Выбрать главу

— Разве ты не знаешь, что надо сопротивляться, убегать? Не стой так. Беги!

Она успела сказать только два слова, не на бретонском диалекте, а, так же как и он, на школьном, французском языке:

— Va t’en.

— Я должен убраться вон? Я? Это ты должна исчезнуть отсюда. Первые примаверы принадлежат нам, мальчикам.

Она сказала с ноткой презрения в голосе:

— Конечно, их лучше есть, когда они уже собраны. Когда не нужно нагибаться, все время нагибаться и рвать цветы на таком ветру.

— Ясное дело, лучше, — огрызнулся он. — И интереснее. Девчонки не отдают букеты, вопят как резаные, плачут, а потом жалуются родителям. За ними мы гоняемся, снова ловим и рвем зубами оставшиеся букетики, которые они еще держат в руках.

— Ведь они теряют цветы по дороге, — отрезала она. — Вы можете их собирать.

— Уже ничьи? — удивился он. — Сломанные и увядшие? Без борьбы? Последний раз говорю тебе: беги! И поскорее, я тебя все равно догоню.

Если бы в его голосе не было хвастливой нотки, если бы он не так сильно испортил букет, который она собирала, несмотря на сильный ветер, возможно, Анна-Мария сделала бы то же самое, что ее двоюродные сестры ле Рез, — убежала бы. Но ей не хотелось снова столкнуться с ним и смотреть, как его зубы хватают и перемалывают желтые лепестки примул. Вот почему, не двигаясь с места, она опустила руки, судорожно прижатые к груди. И они долго вместе смотрели, как на каменистую тропинку, на их сабо дождем посыпались зеленые листочки и желтые, как шафран, цветы.

— Вот тебе! — сказала она мстительно. — Теперь можешь съесть весь мой букет.

Анна-Мария не предусмотрела одного: что от унижения он захочет мстить.

— Трусиха! — крикнул он в ярости. — Жалкая трусиха!

— Нет! — так же громко закричала она.

— Трусиха! — упорствовал он. — Во всей Бретани нет такой девчонки!
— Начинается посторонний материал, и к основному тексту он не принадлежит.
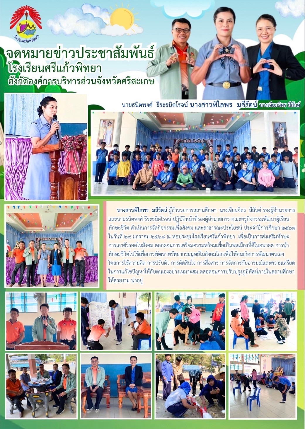 นางสาวพิไลพร มลีรัตน์ ผู้อำนวยการสถานศึกษา นางเจียมจิตร สีสันต์ รองผู้อำนวยการสถานศึกษาและนายธนิตพงศ์ ธีระธนิตโรจน์ ปฏิบัติหน้าที่รองผู้อำนวยการสถานศึกษา คณะครูกิจกรรมพัฒนาผู้เรียนทักษะชีวิต ดำเนินการจัดกิจกรรมเพื่อสังคมและสาธารณะประโยชน์ ประจำปีการศึกษา 2567 ในวันที่่ 29 มกราคม 2568 ณ หอประชุมโรงเรียนศรีแก้วพิทยา เพื่อเป็นการส่งเสริมทักษะการเอาตัวรอดในสังคม ตลอดจนเตรียมความพร้อมเพื่อเป็นพลเมืองดีในอนาคต การนำทักษะชีวิตไปใช้เพื่อการพัฒนาทรัพยากรมนุษย์ในสังคมโลก เพื่อให้คนเกิดการพัฒนาตนเอง โดยการใช้ความคิด การปรับตัว การตัดสินใจ การสื่อสาร การจัดการกับอารมณ์และความเครียด ในการแก้ไขปัญหาให้กับตนเองอย่างเหมาะสม ตลอดจนการปรับปรุงภูมิทัศน์ภายในสถานศึกษาให้สวยงาม น่าอยู่ น่าดู น่าเรียน
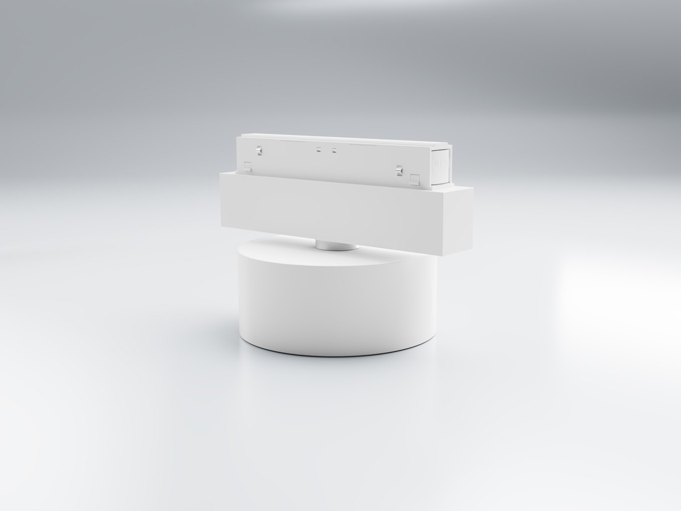 Tělo svítidla je vyrobeno z hliníku v bílé barvě (RAL 9016) s opálovým difuzorem z PMMA. Kruhový tvar a kompaktní rozměry (průměr 90 mm, výška 38 mm) umožňují nenápadné začlenění do lištového systému, přičemž svítidlo působí čistě a technicky.
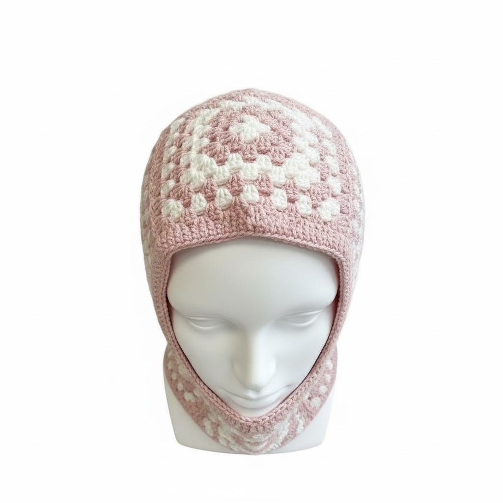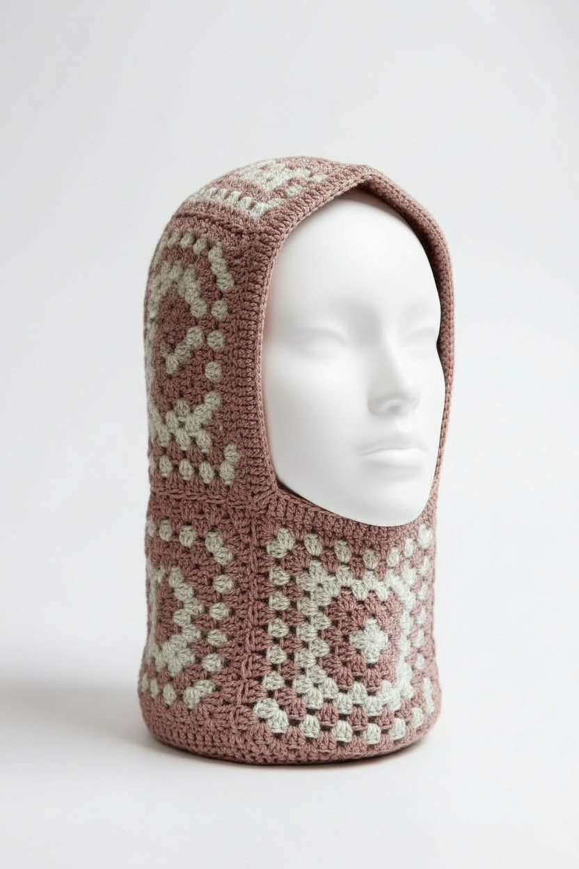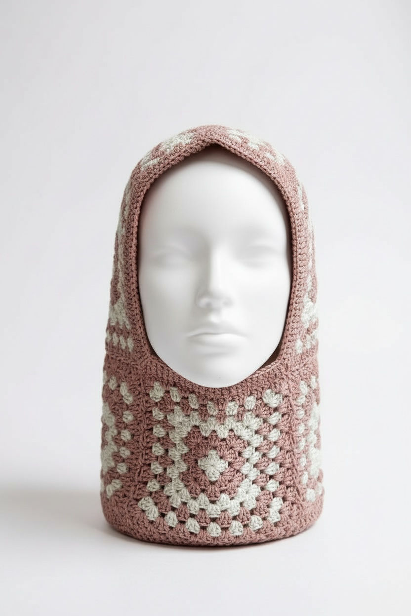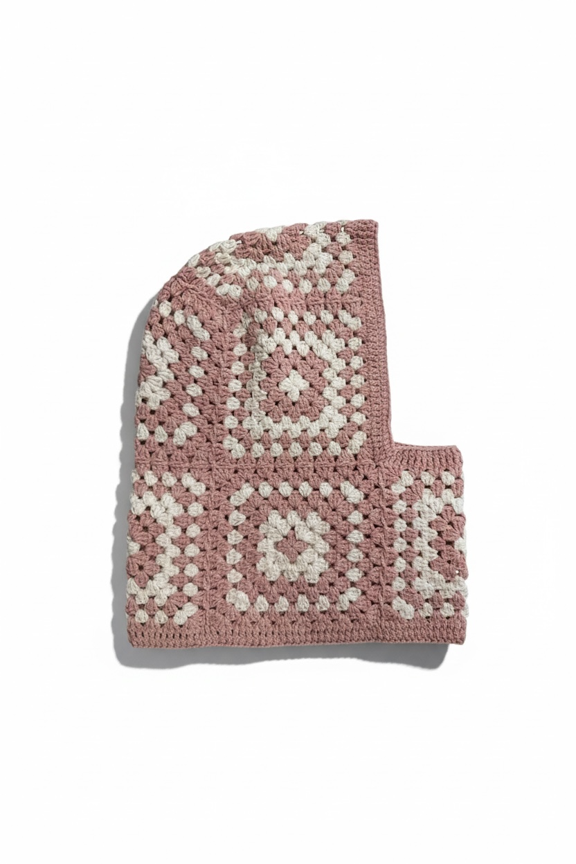 Handmade crochet balaclava crafted from 100% organic cotton yarn. Soft, breathable and gentle on the skin — perfect for all-day wear. Each piece is created in small batches with unique colour combinations, so every balaclava feels one of a kind. Ideal for cosy winter days, festival looks or adding a playful handmade touch to your outfit.
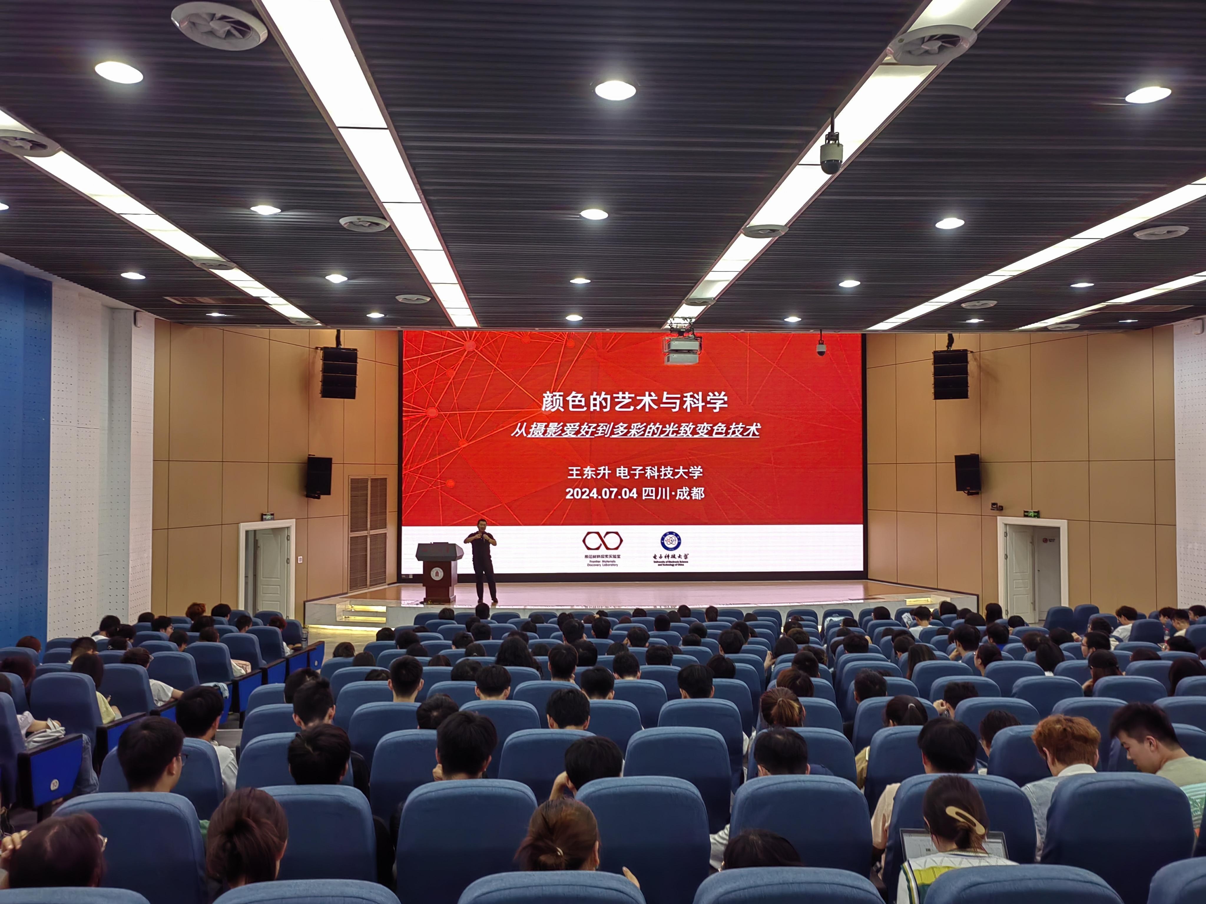 电子科技大学王东升副教授带来了主题为《颜色的艺术与科学——从摄影爱好到多彩的光致变色技术》的讲座。王老师首先介绍了自己在川大高分子本科和硕士期间的学习科研经历,然后分享了在德国马克思普朗克聚合物研究所的留学生涯,并通过视频和图片让同学们了解到异国他乡的自然景观和风土人情,他语言幽默风趣,态度平易近人,同学们都听得专心致志、聚精会神。接下来,王老师向大家介绍了自己摄影爱好的发展到光敏材料的的研究。他不仅就光敏材料中的一些专业知识向同学们作了详细的讲解,还以大家喜闻乐见的方式表现光敏材料与器件的内在逻辑。讲座将光敏材料与颜色艺术融合起来,加深了同学们对光敏材料的理解。

Вместо того чтобы защищаться, убегать, ты сдаешься. Так ведь? Бросаешь букет на землю, будто охапку травы голодной овце. Или как сено в кормушку. И я должен это есть? Я — в таком виде самые первые цветы?

Она хотела сказать тоже что-нибудь такое же ехидное, что задело бы этого заносчивого мальчишку, но ее испугали его глаза. Неожиданно он перестал кричать, не отрывая глаз от одной точки: от ее открывшейся во время возни шеи. Она подумала, что вот сейчас он сожмет своими пальцами ее горло и что на сей раз она начнет задыхаться, давиться, как недавно этот мальчишка давился лепестками первоцветов.

— Нет! — крикнула она. — Нет!

Анна-Мария даже не пыталась защищаться, отскочить, бежать. Поэтому он подошел к ней еще ближе, наклонился и неожиданно припал губами к обнаженной шее. Девочка почувствовала прикосновение холодных губ, легкий укус острых зубов и — онемев от удивления — смотрела, как, выпрямившись, очень довольный собой, мальчишка съедает несколько желтых цветков, которые застряли в складках ее платка. Мальчишка жевал с удовольствием, обстоятельно, но делал это как-то медленно и слишком долго. Глаза у него были веселые и гордые. Все же ему удалось отобрать примаверы у этой глупой малышки. Не без труда, да еще схитрив при этом.

Только сейчас Анна-Мария почувствовала себя обиженной, побежденной — и была готова закричать, заплакать. Почему это случилось именно с ней? За что? Прикоснувшись рукой к укушенной шее, она увидела кровь на пальцах. Он тоже смотрел на эту красную полоску и неожиданно, склонив набок голову, выплюнул остатки непрожеванной размельченной массы на камни.